2026-05-17 15:59:10 +08:00
Eric Coissac b218bf012b feat: introduce column-major matrix storage and migrate layered map
Introduces `PersistentBitMatrix` and `PersistentCompactIntMatrix` to replace single-file vector storage with a column-major, directory-based layout. Each column is persisted as an individual file alongside a lightweight `meta.json` for dimension tracking. Migrates `obilayeredmap` to use these multi-column structures, updating Rust APIs, query return types, and build signatures. Includes comprehensive documentation, unit and integration tests for persistence and accessors, and refactors distance calculation helpers.
2026-05-14 21:19:18 +08:00
Eric Coissac 0b3fcf3cf0 feat: add PersistentBitVec and upgrade PersistentCompactIntVec format
Introduces PersistentBitVec, a dense, memory-mapped bit vector optimized for bulk u64-word operations and SIMD acceleration, complete with bitwise operators and Jaccard/Hamming distance metrics. Upgrades PersistentCompactIntVec to a unified .pciv format using 64-bit indices and offsets, consolidating the binary layout and updating builder/reader lifecycles accordingly. Adds corresponding documentation, updates MkDocs navigation, and implements a comprehensive test suite for persistence round-trips, edge cases, and metric accuracy.

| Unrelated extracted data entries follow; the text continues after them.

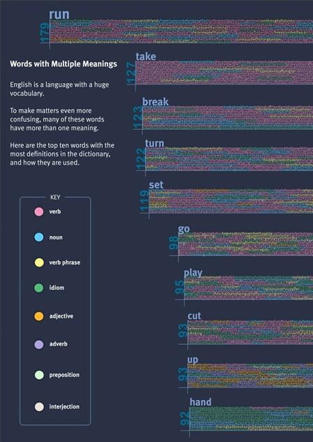 "Run" chứa 179 nghĩa, có thể đóng vai trò của một động từ, danh từ, cụm động từ (phrasal verb) và thành ngữ (idiom).
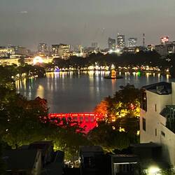 We walked around the Old Quarter, using Lonely Planet walking tour and saw many beautiful small temples. We also visited the Temple of the Returned Sword, where according to a legend, the emperor wasLeia mais
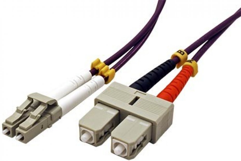 Duplexní optický kabel OM4 s konektory LC a SC.; Konektory: 2x LC(M) - 2x SC(M); Kabel: 2 spojené kabely s vícevidovým skleněným vláknem (průměr vlákna 50µm, průměr obalu vlákna 125µm) průměr kabelu: 1,8mm třída OM4; Šířka pásma: třída OM4; Další informace: - přiložen měřící protokol; Délka: 3m; Barva: fialová; Druh obalu: PE sáček; Hmotnost výrobku: 50g
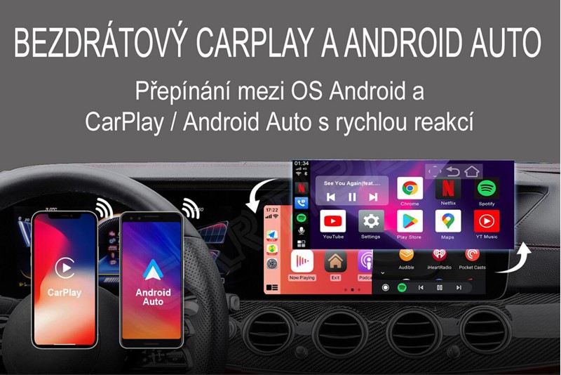 - integrované bezdrátové funkce Apple CarPlay a Android Auto
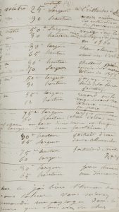 [Printemps 1860]. « J’ai tellement la tête bourrée de bêtises et de peinture que je ne sais plus ce que je fais. J’ai oublié de vous mettre les prix. Je cherche à vous envoyer tout un musée c’est-à-dire une colection de tableaux qui remplisse pour ainsi dire le cadre des différents genres que comporte l’art de la peinture. Je n’ai pas entierrement tout ce que je désirerais sous la main […] Pourtant il y aura un spécimen de chaque chose. Ainsi les cribleuses de blé tableau de mœurs ou genre, tableau de chasse à figures, d’automne, et d’été ; chevreuil nature morte, paysage de printemps qui est celui que je vais vous faire, ensuite portrait sérieux, qui peuvent être considérés comme portrait historique par leur manière d’être » :
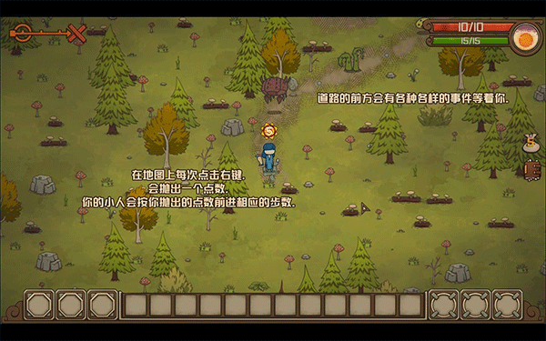 探索过程中会消耗体力,体力归零将触发负面事件,因此务必及时补充食物维持状态。此外,地图中还散落着众多趣味小故事等待收集。
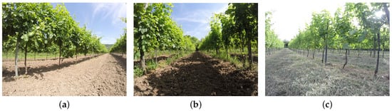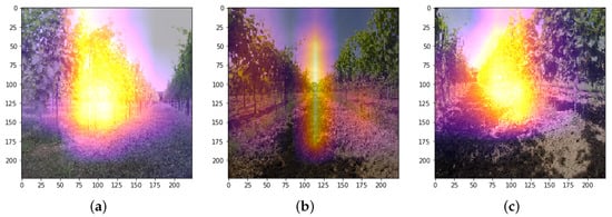 Gradient information, flowing into the last convolutional layer of MobileNet, is used to understand each neuron for a decision of interest. It is possible to assess that for either the three classes, (a–c), the network is “looking” at the vineyard roads and their vanishing point.
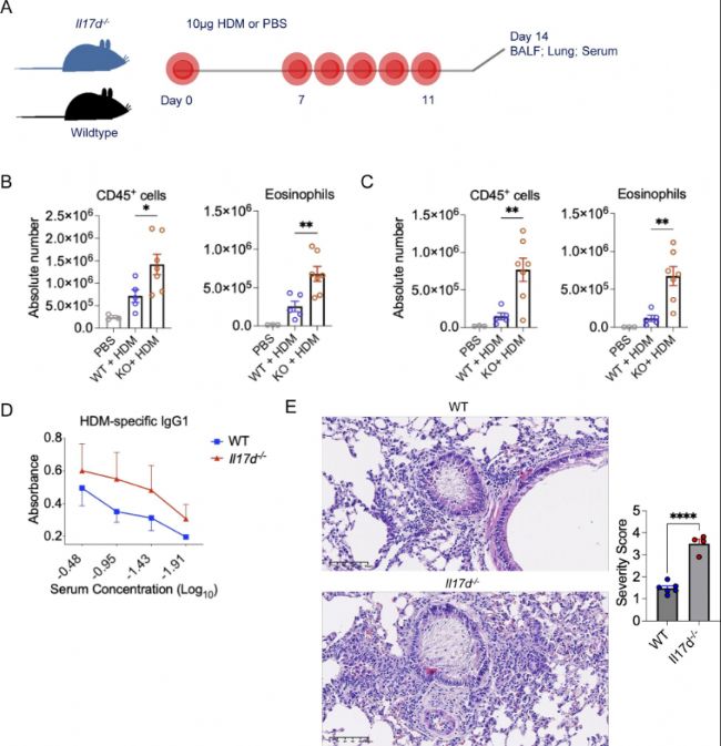 (D) 血清中HDM特異性IgG1水平(縱軸為450 nm吸光度,橫軸為血清稀釋梯度;WT組n=3;Il17d-/-組n=4)。
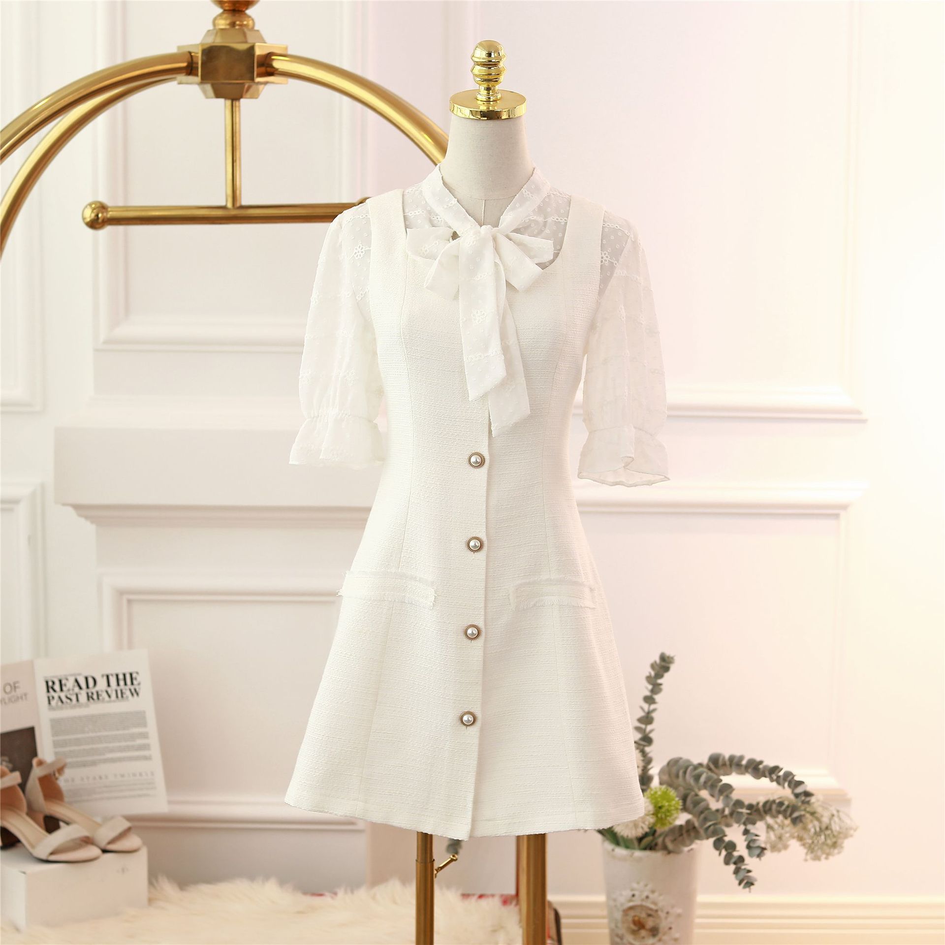 Baju Atasan Putih Gaya Liburan Model Baru Musim Semi dan Musim Panas Rok Setengah Badan Warna Putih Setelan Pakaian Wanita Lintas Batas Shenzhen Nanyou
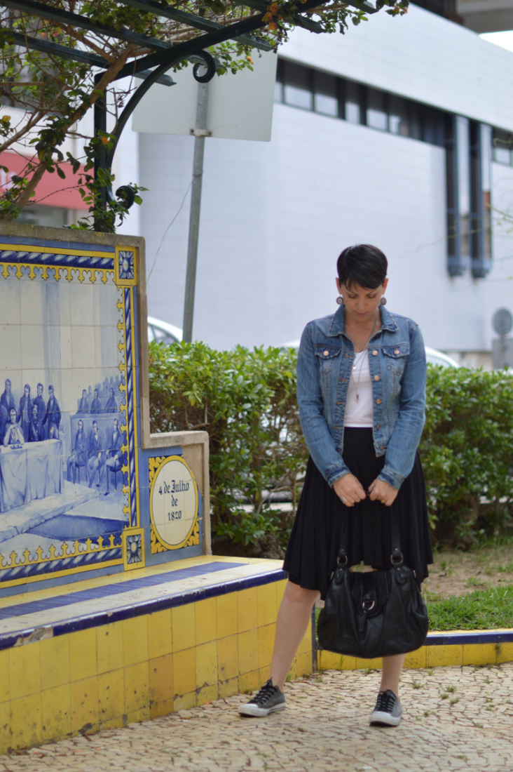 Converse: Schuh Blue Denim Jacket: House of Fraser White Denim Jacket: Boden Black Skirt: House of Fraser Black handbag: House of Fraser
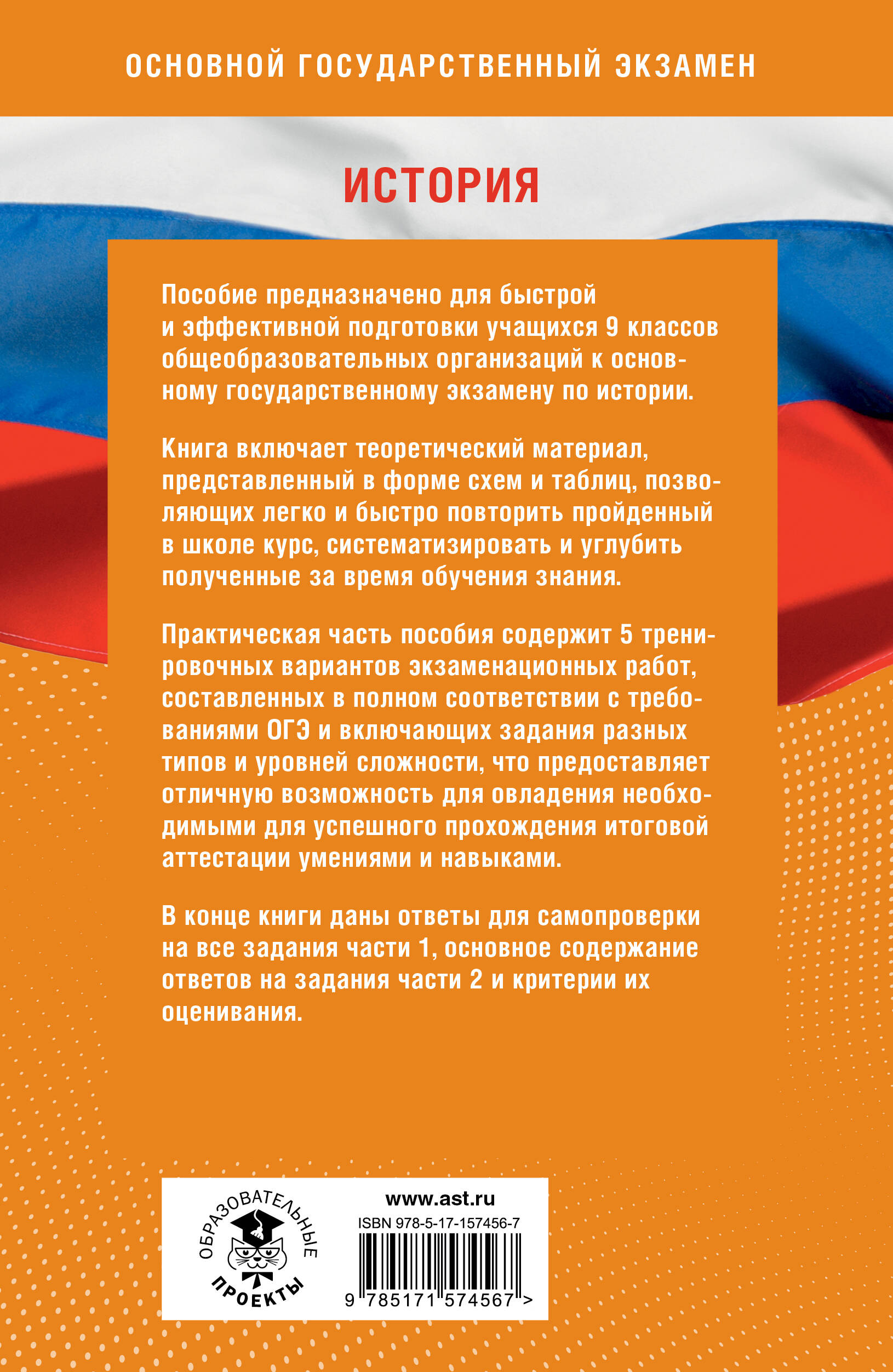 Пособие предназначено для быстрой и эффективной подготовки учащихся 9 классов общеобразовательных организаций к основному государственному экзамену по истории. Книга включает теоретический материал, представленный в форме схем и таблиц, позволяющих легко и быстро повторить пройденный в школе курс, систематизировать и углубить полученные за время обучения знания. Практическая часть пособия содержит 5 тренировочных вариантов экзаменационных работ, составленных в полном соответствии с требованиями ОГЭ и включающих задания разных типов и уровней сложности, что предоставляет отличную возможность для овладения необходимыми для успешного прохождения итоговой аттестации умениями и навыками. В конце книги даны ответы для самопроверки на все задания части 1, основное содержание ответов на задания части 2 и критерии их оценивания.| Издательство | ИЗДАТЕЛЬСТВО "АСТ" |

2026-05-14 09:01:36 +08:00
Eric Coissac f2de79acde Add persistent compact integer vector and cache-line-optimized MPHF
Introduce the `obicompactvec` crate, featuring a two-tier, memory-mapped integer vector that uses a primary `u8` array with a sentinel for overflow dispatch and a sparse L1-resident index for fast random access. Implement builder and reader modules with zero-copy serialization and comprehensive test coverage. Update `obilayeredmap` to replace the default hash function with a cache-line-optimized `Mphf`, adding explicit bounds checking and duplicate-slot detection. Add documentation for both modules and update project configuration files accordingly.
2026-05-13 10:09:46 +08:00